Problem> Search the entries for the line containing "Canvas picture unicorn". Repeat it, then every line after it, exactly through the final line.

(Stored data)
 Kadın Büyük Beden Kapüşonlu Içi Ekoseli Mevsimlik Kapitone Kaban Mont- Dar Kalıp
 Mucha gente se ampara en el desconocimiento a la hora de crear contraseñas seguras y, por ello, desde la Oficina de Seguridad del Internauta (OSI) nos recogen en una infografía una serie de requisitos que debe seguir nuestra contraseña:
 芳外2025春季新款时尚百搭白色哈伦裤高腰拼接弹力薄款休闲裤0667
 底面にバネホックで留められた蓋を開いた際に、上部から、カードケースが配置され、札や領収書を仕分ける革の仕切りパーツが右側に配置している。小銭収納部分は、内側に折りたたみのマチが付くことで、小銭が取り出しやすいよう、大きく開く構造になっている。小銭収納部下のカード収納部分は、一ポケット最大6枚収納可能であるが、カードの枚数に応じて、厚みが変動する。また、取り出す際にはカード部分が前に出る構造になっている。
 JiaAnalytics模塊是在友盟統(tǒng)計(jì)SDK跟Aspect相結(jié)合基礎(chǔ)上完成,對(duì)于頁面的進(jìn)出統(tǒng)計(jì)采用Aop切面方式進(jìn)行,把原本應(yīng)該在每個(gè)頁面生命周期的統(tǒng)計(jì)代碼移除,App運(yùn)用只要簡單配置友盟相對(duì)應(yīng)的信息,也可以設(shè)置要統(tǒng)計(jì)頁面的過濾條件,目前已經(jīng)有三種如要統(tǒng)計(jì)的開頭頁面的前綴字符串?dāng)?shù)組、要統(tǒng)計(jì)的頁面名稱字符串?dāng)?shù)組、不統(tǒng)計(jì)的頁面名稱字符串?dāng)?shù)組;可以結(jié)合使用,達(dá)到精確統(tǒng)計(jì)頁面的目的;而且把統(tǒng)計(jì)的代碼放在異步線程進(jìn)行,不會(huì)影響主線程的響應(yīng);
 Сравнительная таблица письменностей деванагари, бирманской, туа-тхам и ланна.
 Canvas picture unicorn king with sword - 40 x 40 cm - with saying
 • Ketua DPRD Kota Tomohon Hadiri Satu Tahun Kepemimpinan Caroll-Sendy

Exercise solution>
 Canvas picture unicorn king with sword - 40 x 40 cm - with saying
 • Ketua DPRD Kota Tomohon Hadiri Satu Tahun Kepemimpinan Caroll-Sendy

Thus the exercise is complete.